◆ EXERCISE INPUT ◆
□ □ □ □ □
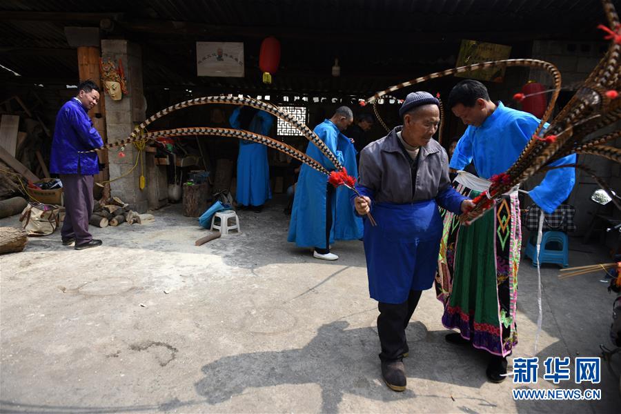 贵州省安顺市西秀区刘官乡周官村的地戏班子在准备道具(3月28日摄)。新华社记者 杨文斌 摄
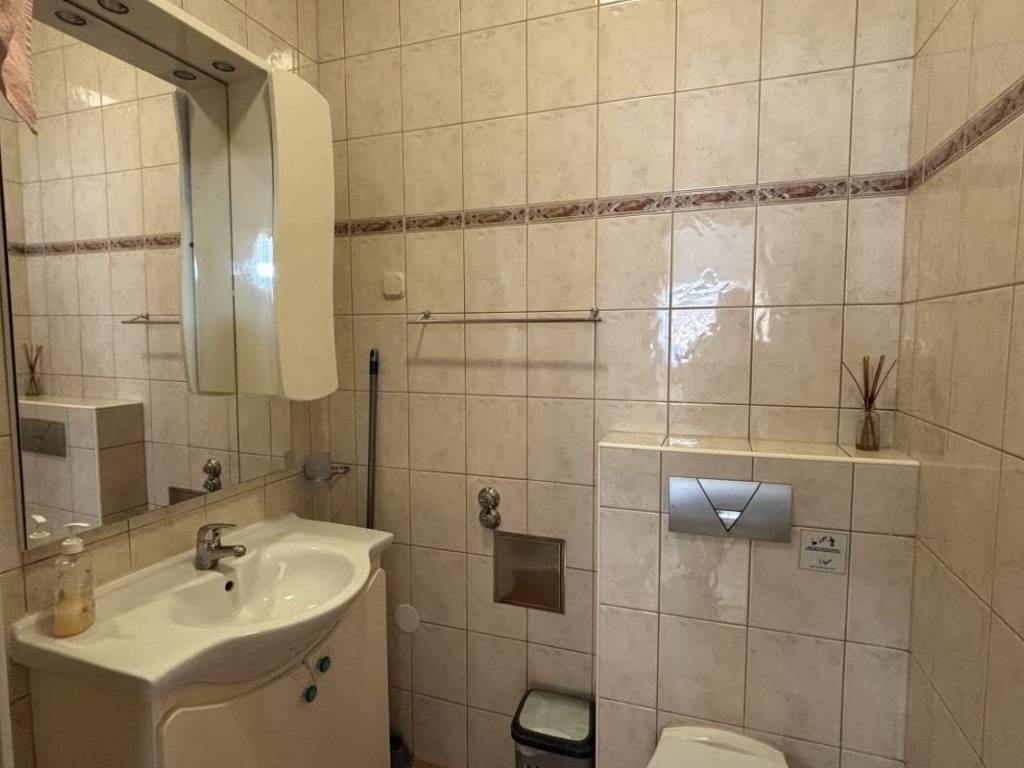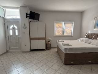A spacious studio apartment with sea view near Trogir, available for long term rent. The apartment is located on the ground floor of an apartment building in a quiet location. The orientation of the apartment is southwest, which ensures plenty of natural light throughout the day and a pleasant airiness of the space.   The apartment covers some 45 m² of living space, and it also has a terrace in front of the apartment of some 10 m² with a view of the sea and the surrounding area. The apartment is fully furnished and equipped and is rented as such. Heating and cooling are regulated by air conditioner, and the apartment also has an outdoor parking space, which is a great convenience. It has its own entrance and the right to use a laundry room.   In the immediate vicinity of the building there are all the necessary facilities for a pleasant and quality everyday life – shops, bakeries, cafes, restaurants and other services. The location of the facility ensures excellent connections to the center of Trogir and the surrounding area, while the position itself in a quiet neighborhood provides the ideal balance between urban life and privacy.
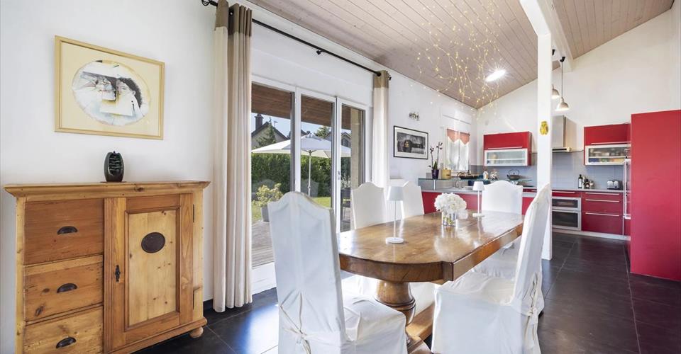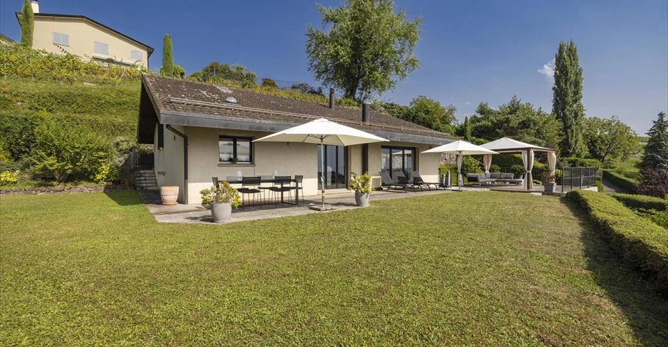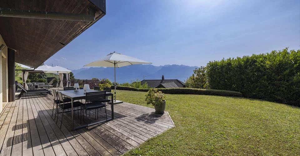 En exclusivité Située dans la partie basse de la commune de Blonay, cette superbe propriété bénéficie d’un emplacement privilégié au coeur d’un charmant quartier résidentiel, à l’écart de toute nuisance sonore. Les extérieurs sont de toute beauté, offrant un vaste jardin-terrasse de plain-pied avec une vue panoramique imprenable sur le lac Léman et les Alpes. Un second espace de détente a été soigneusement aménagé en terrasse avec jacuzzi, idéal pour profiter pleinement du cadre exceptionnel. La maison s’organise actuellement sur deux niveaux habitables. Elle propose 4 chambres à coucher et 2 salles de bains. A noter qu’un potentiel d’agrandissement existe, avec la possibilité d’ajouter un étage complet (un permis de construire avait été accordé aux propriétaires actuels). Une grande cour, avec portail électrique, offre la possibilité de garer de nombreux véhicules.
□ □ □ □ □
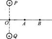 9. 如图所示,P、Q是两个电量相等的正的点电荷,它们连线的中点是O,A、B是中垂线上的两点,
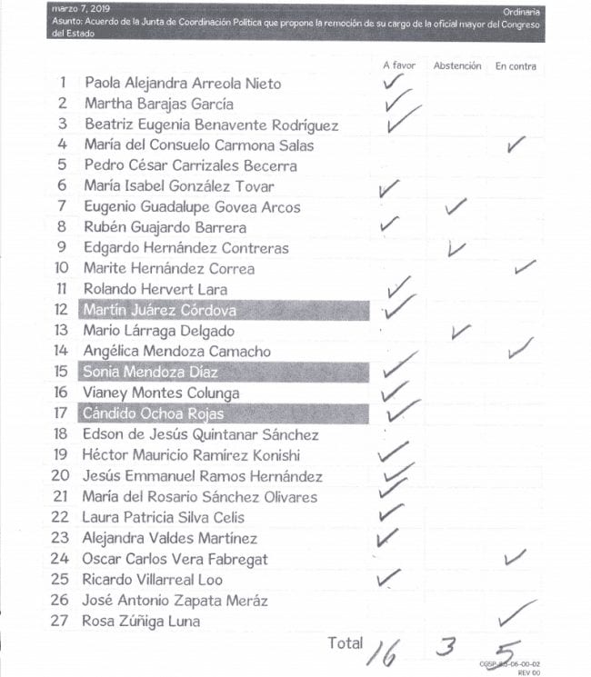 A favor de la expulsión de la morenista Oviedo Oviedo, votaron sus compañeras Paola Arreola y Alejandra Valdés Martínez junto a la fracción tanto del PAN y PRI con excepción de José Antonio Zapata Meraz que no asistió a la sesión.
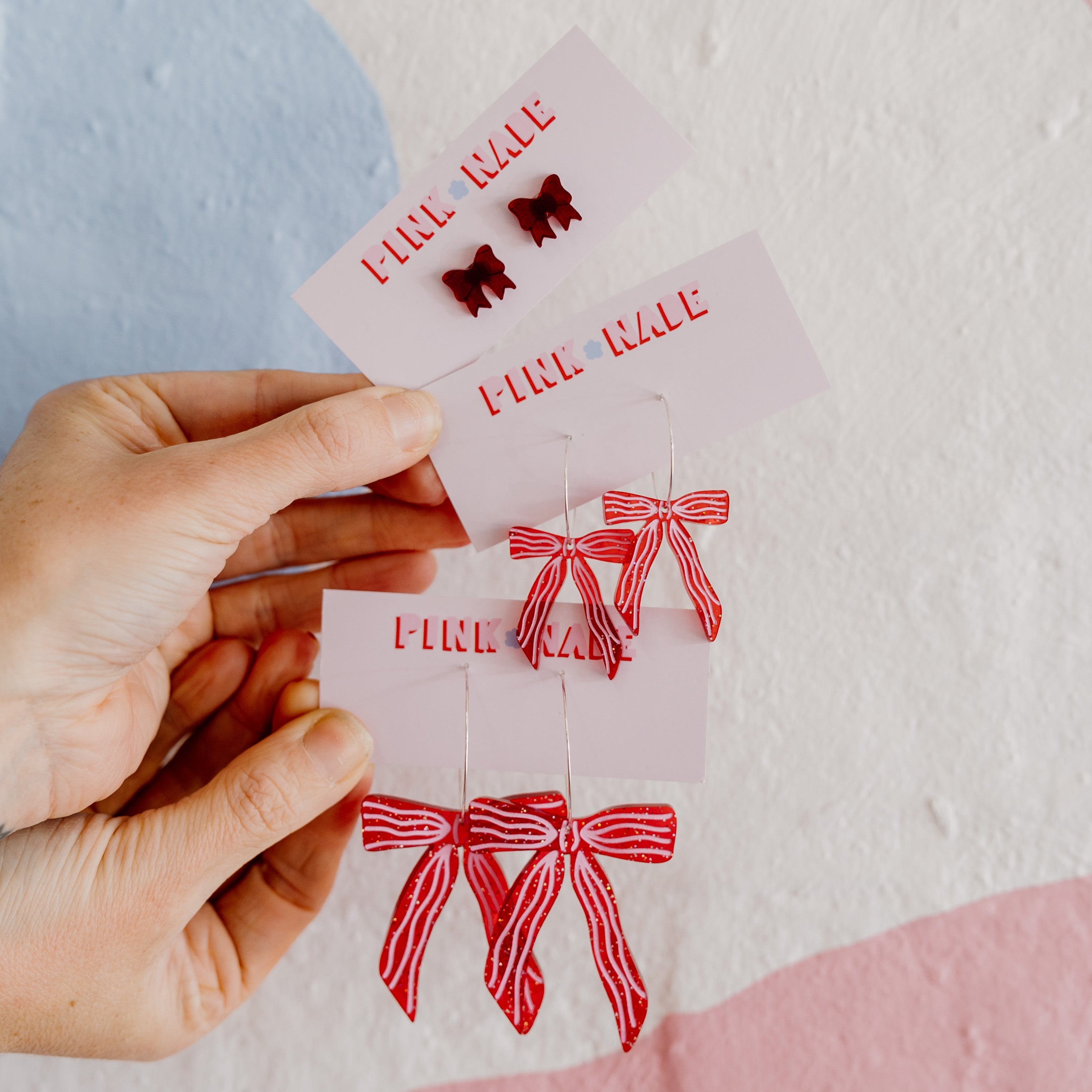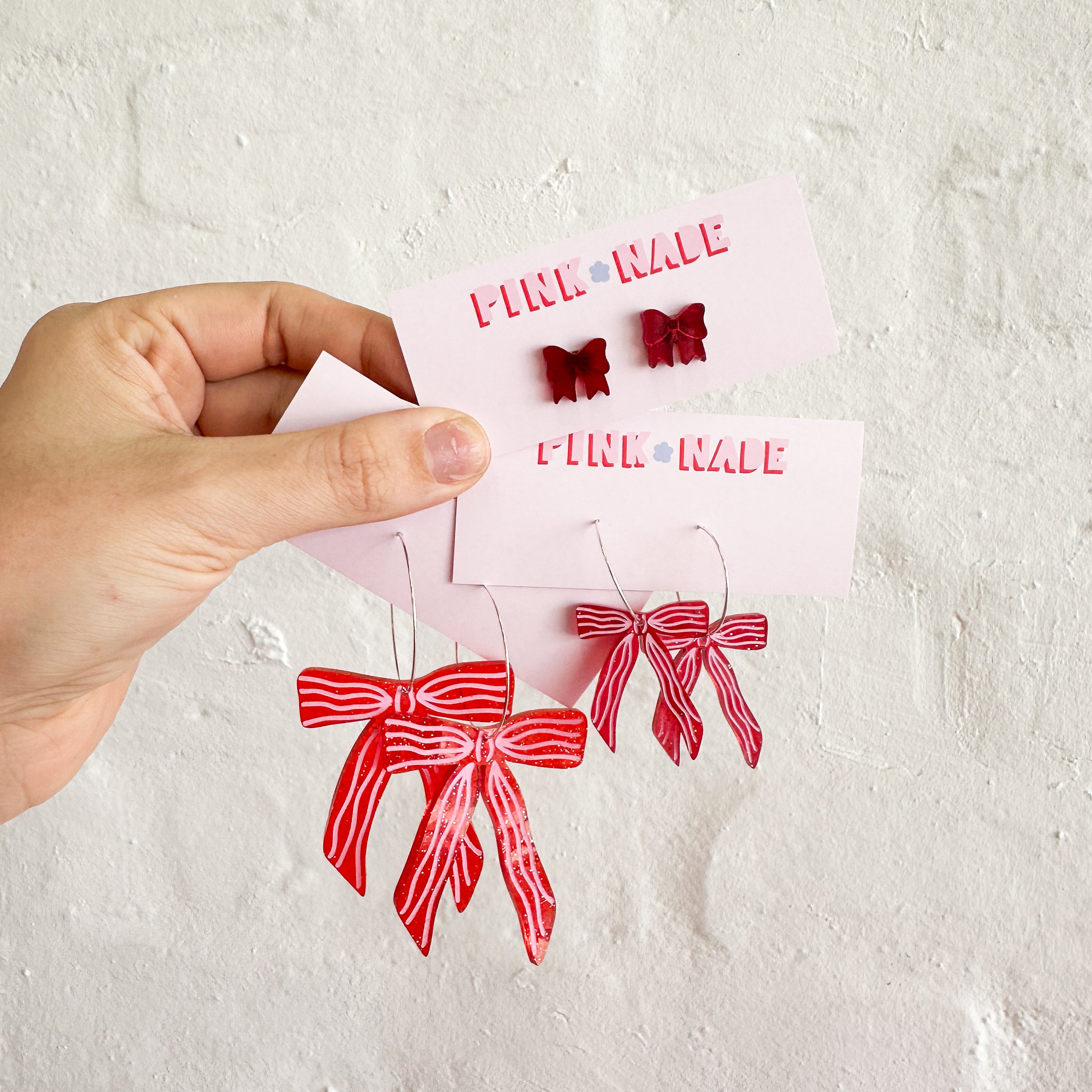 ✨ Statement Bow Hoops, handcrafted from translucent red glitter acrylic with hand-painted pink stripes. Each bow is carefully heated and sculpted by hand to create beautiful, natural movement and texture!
□ □ □ □ □
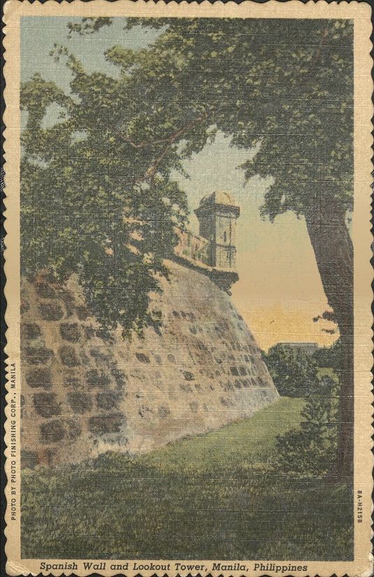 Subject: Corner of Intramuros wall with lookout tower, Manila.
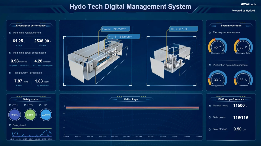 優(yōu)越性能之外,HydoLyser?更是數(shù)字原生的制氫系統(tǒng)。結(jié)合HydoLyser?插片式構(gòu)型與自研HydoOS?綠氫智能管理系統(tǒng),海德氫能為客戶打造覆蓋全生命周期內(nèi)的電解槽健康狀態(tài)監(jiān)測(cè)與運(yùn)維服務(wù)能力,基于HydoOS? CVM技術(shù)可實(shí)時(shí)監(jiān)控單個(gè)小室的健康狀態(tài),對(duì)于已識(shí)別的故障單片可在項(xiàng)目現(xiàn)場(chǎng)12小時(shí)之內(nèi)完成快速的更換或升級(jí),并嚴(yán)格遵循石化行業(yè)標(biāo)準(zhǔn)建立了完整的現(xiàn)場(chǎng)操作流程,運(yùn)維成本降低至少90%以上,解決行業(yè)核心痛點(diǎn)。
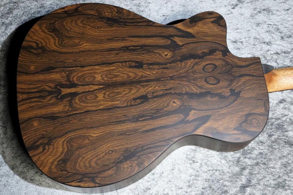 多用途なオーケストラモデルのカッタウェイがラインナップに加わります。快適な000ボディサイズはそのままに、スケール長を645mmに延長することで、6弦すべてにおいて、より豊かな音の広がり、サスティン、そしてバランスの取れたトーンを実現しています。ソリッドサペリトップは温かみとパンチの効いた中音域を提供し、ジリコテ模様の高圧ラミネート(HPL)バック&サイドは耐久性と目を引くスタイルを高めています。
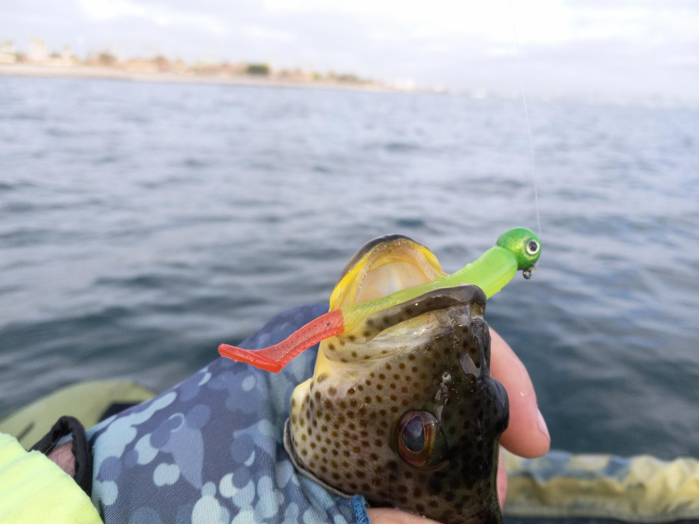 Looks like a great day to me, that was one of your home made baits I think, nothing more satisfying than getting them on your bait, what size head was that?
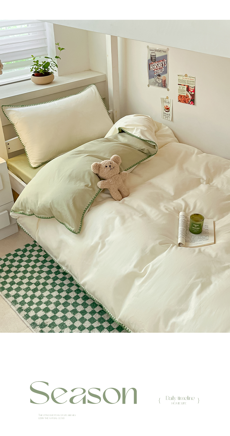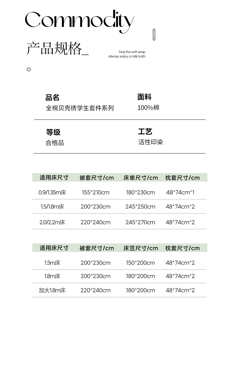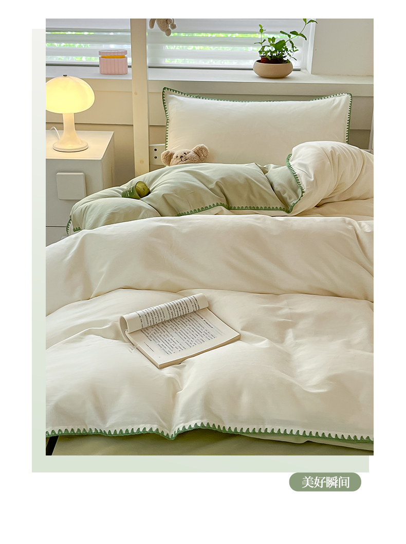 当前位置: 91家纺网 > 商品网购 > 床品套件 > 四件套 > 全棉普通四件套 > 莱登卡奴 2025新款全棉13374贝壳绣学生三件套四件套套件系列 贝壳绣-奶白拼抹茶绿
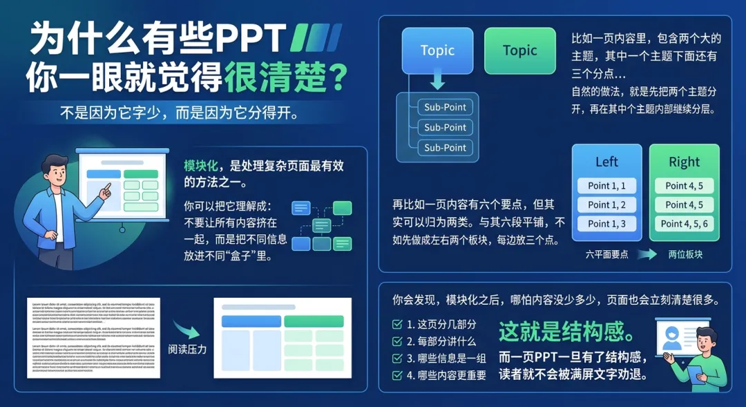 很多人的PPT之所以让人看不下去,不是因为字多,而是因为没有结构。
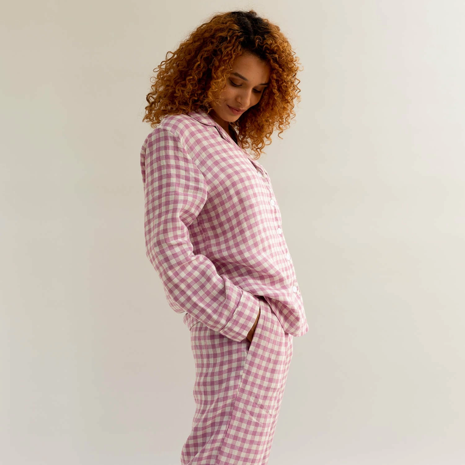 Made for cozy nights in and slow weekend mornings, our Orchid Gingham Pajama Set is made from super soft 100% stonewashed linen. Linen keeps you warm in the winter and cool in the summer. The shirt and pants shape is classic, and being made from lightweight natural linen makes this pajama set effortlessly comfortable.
□ □ □ □ □
◆ EXERCISE INSTRUCTIONS ◆
Going by the entries above, repeat exactly the lines that start at the line with "贵州省安顺市西秀区刘官乡周官村的地戏班子在准备道具(3月28日摄)。新华社记者 杨文斌 摄" and go on through the line with "A spacious studio". Pictures are not part of the copy.

◆ RESPONSE TO THIS EXERCISE ◆
 贵州省安顺市西秀区刘官乡周官村的地戏班子在准备道具(3月28日摄)。新华社记者 杨文斌 摄
A spacious studio apartment with sea view near Trogir, available for long term rent. The apartment is located on the ground floor of an apartment building in a quiet location. The orientation of the apartment is southwest, which ensures plenty of natural light throughout the day and a pleasant airiness of the space.   The apartment covers some 45 m² of living space, and it also has a terrace in front of the apartment of some 10 m² with a view of the sea and the surrounding area. The apartment is fully furnished and equipped and is rented as such. Heating and cooling are regulated by air conditioner, and the apartment also has an outdoor parking space, which is a great convenience. It has its own entrance and the right to use a laundry room.   In the immediate vicinity of the building there are all the necessary facilities for a pleasant and quality everyday life – shops, bakeries, cafes, restaurants and other services. The location of the facility ensures excellent connections to the center of Trogir and the surrounding area, while the position itself in a quiet neighborhood provides the ideal balance between urban life and privacy.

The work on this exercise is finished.